I’m gonna give you two options: One is wearing a mask until you sit down at a restaurant, which there’s no one on earth who can possibly say that that makes sense. The other are these shields that people are putting in place like, you know, like when you go into a convenience store or whatever else.

BUCK: Is this like Family Feud or whatever you get the pot, or you win the —

CLAY: Yeah, yeah, yeah. That’s it. That is the answer, the ding, ding, ding.

BUCK: The Wheel of Fortune, the Daily… I don’t watch enough of these shows. I used to when I was a kid.

CLAY: And these things are coming back now they started to go away, right, the shields?

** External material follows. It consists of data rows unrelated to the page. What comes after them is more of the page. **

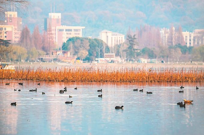 “西寧村濕地不少植被沒有過多人工維護(hù),蘆葦蕩夏綠秋黃,按自然規(guī)律生長更美。”西寧村工作人員張惠告訴記者,“但眼下變化肉眼可見,魚和飛鳥變多了?!苯陙恚愃撇僮髟谀暇┎簧贊竦剡M(jìn)行著。紅山森林動(dòng)物園北門湖,岸邊草坪上留出一個(gè)不打草的條帶,留出半個(gè)湖不打撈水草;玄武湖西北角出水口區(qū)域,留出3座不被人為干擾的小島;經(jīng)過23年“放養(yǎng)”,南京長江新濟(jì)洲國家濕地公園保育區(qū)幾乎恢復(fù)大自然最原始的樣貌……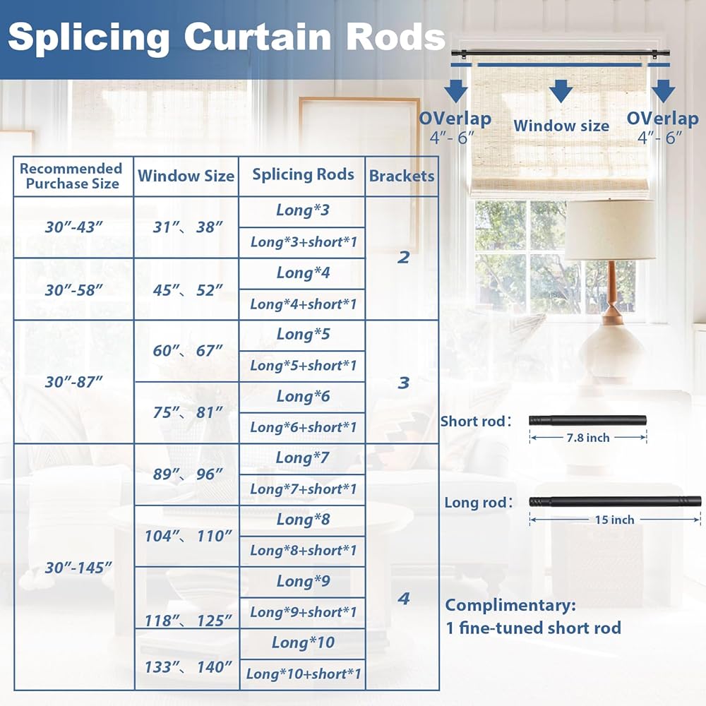 ADJUSTABLE LENGTH: Adjustable curtain rod length can be adjusted by increasing the number of rods. Non-retractable. We offer several sizes of curtain rods from short to long for your choice. Due to the wide range of sizes, you can decorate these curtain rods indoors, such as living room, bedroom, kitchen, study, or install them outdoors, such as deck, patio, pergola ......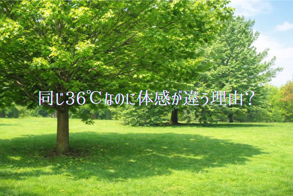 気温が36℃の日、日向ではとても暑く感じるのに、日陰に入ると少し楽になりますよね。

BUCK: Here’s what’s so important for everyone to understand. ‘Cause remember “The science!” If you argue — if you agree with Clay and Buck, if you agree with us, “You are denying the science” and people will freak out at you about that, right?

CLAY: Yeah.

BUCK: However the most recent data — and this is from the New York Times — from top-level academics at universities who study air ventilation engineering, this is the… Let me just give the headline, Clay.

CLAY: Yes.

BUCK: “Those anti-covid plastic barriers probably don’t help,” it says, “and may make things worse.”

CLAY: Of course. (chuckles)

BUCK: So we’ve had these plastic barriers up. Now, a lot of things don’t help, right?

CLAY: Right.

BUCK: We know the whole put your feet here in the elevator. But making things worse say level beyond. Here’s what this actually says in this piece. It says, “There may be a particular problem places in like classrooms where people are present for a longer period of time, where interrupting the airflow can create pockets of covid in the air.”

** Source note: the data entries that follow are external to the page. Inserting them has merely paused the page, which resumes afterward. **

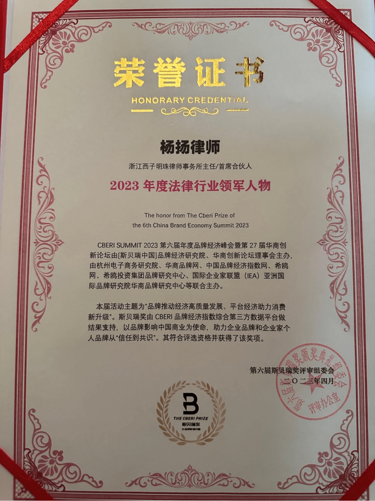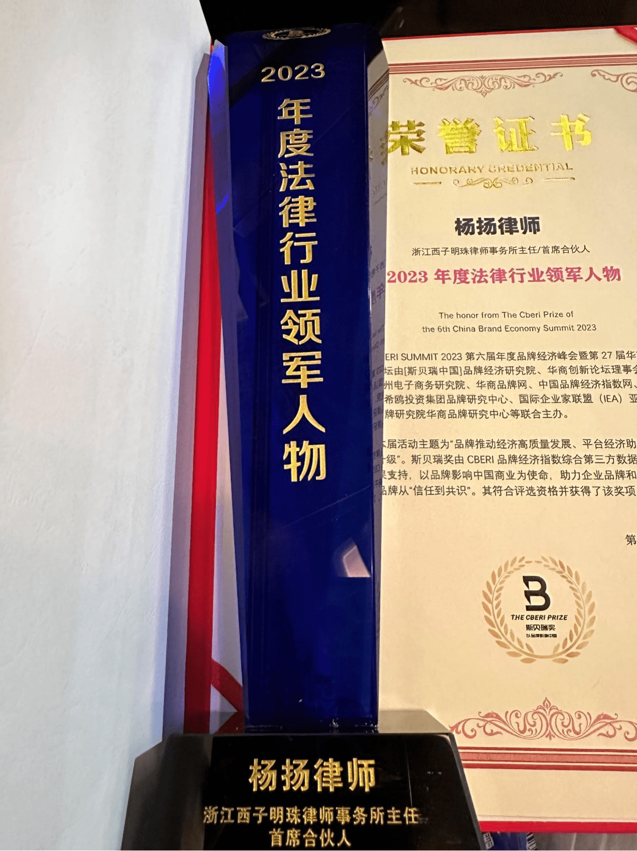 在晚上第27届华商创新论坛“杭州之夜”VIP交流活动开始之前,本次峰会还在现场揭晓了2023年度斯贝瑞奖评选结果。其中,浙江西子明珠律师事务所主任、首席合伙人杨扬律师荣获了2023年度法律行业领军人物。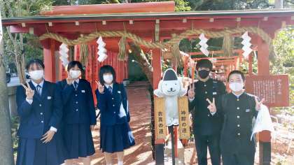今回、石浦神社に立ち寄る班がたくさんあります。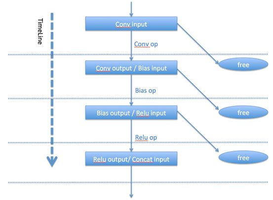 实际上,推断过程中,大部分输入层在做完运算后,可以被马上释放,所以完全存在复用内存的可能性。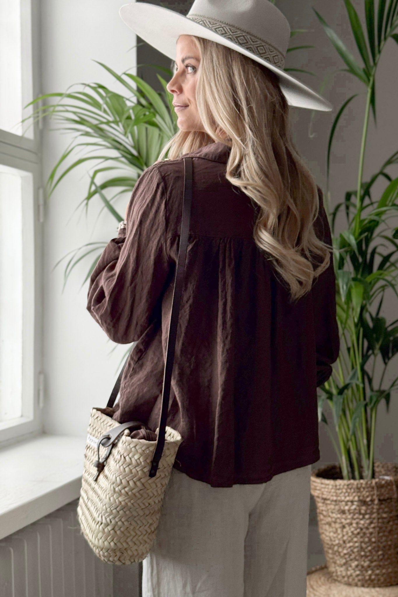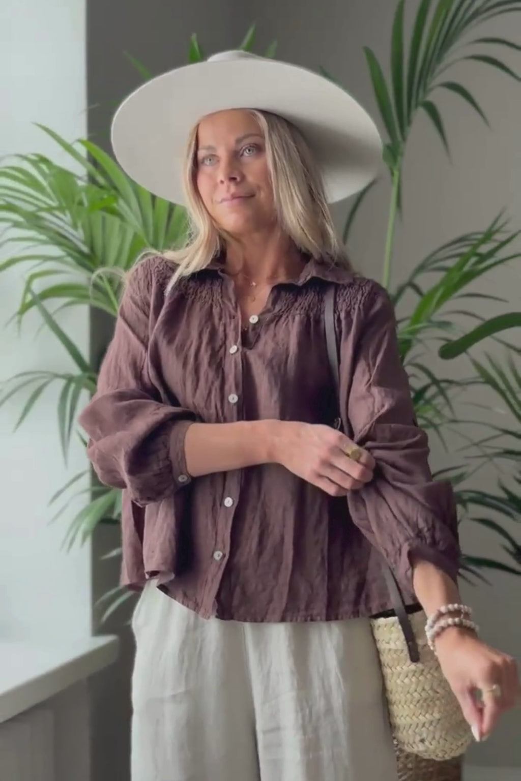 Väljänmallinen lyhyt pellavapaita, jossa on kaulukset ja edessä kaunis rypytysyksityiskohta. Kokopitkät hihat tuovat malliin tasapainoa, ja helmiäisnapitus edessä sekä hihansuissa viimeistelee ilmeen. Selkäpuolen poikkisauma ja hillitty frilladetalji lisäävät paitaan kevyttä ilmettä ja rakennetta.

So by creating these barriers what you’re actually gonna do is interrupt normal airflow — this is what this New York Times piece says — and essentially create a pocket. Clay, you’re in a restaurant, you’re behind the Plexiglas and it’s, “Oh, this is keeping you safe from covid!” It’s actually making you sick while you’re eating your foie gras or whatever — your chicken wings — in a cloud of covid, according to the laws of aerodynamics in this article. Think about that. It’s worse for you.

CLAY: It is, and I hope that in the years ahead we’re eventually going to get studies to prove it. I think this is one of many things that actually makes things worse and/or doesn’t help at all, and it doesn’t surprise me. (chuckles) I want to see a study on these stupid restaurants that require to you wear a mask when you walk into the restaurant and to your seat and then once you’re seated, you can take immediately your mask off. I think that’s probably the dumbest rule that exists.

BUCK: I also believe that masking was essentially compliance training and also elevated people’s anxiety because it’s a constant reminder that you’re supposed to be scared.

CLAY: Yeah. I think you’re right.

BUCK: So then they’re more likely to do all these other things. It’s like masking is the center of the whirlpool, like, this is the thing that brings everything else down with it.